Rasterizes a vector geopandas.GeoDataFrame into a raster xarray.DataArray.

Parameters:

gdf (geopandas.GeoDataFrame) – A geopandas.GeoDataFrame object containing the vector data you want to rasterise.
da (xarray.DataArray or xarray.Dataset) – The shape, coordinates, dimensions, and transform of this object are used to define the array that gdf is rasterized into. It effectively provides a spatial template.
attribute_col (string, optional) – Name of the attribute column in gdf containing values for each vector feature that will be rasterized. If None, the output will be a boolean array of 1’s and 0’s.
crs (str or CRS object, optional) – If da’s coordinate reference system (CRS) cannot be determined, provide a CRS using this parameter. (e.g. ‘EPSG:3577’).
name (str, optional) – An optional name used for the output xarray.DataArray.
output_path (string, optional) – Provide an optional string file path to export the rasterized data as a GeoTIFF file.
verbose (bool, optional) – Print debugging messages. Default True.
**rasterio_kwargs – A set of keyword arguments to rasterio.features.rasterize. Can include: ‘all_touched’, ‘merge_alg’, ‘dtype’.

Returns:

da_rasterized – The rasterized vector data.

Return type:

xarray.DataArray

dea_tools.spatial.xr_vectorize(da, attribute_col=None, crs=None, dtype='float32', output_path=None, verbose=True, **rasterio_kwargs)[source]

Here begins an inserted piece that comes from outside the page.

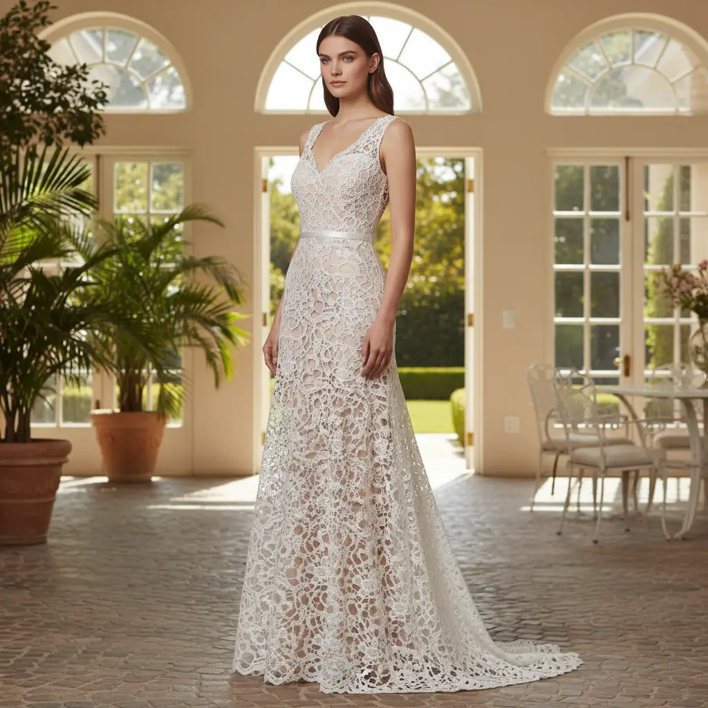 Tessuto pizzo macramè ideale per creare capi sartoriali da cerimonia e per le grandi occasioni originali e alla moda.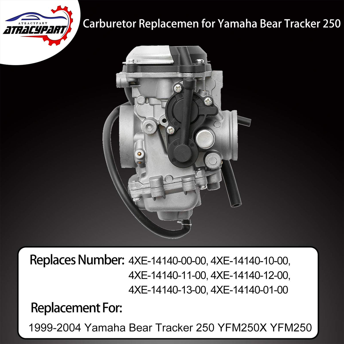 Q: What Yamaha models are compatible with this carburetor replacement?A: This carburetor replacement is specifically designed for the 1999-2004 Yamaha Bear Tracker 250, including models YFM250 and YFM250X.

Vectorises a raster xarray.DataArray into a vector geopandas.GeoDataFrame.

Parameters:

da (xarray.DataArray) – The input xarray.DataArray data to vectorise.
attribute_col (str, optional) – Name of the attribute column in the resulting geopandas.GeoDataFrame. Values from da converted to polygons will be assigned to this column. If None, the column name will default to ‘attribute’.
crs (str or CRS object, optional) – If da’s coordinate reference system (CRS) cannot be determined, provide a CRS using this parameter. (e.g. ‘EPSG:3577’).
dtype (str, optional) – Data type of must be one of int16, int32, uint8, uint16, or float32
output_path (string, optional) – Provide an optional string file path to export the vectorised data to file. Supports any vector file formats supported by geopandas.GeoDataFrame.to_file().
verbose (bool, optional) – Print debugging messages. Default True.
**rasterio_kwargs – A set of keyword arguments to rasterio.features.shapes. For example, “mask” and “connectivity”.

Returns:

gdf

Return type:

geopandas.GeoDataFrame

dea_tools.spatial.zonal_stats_parallel(shp, raster, statistics, out_shp, ncpus, **kwargs)[source]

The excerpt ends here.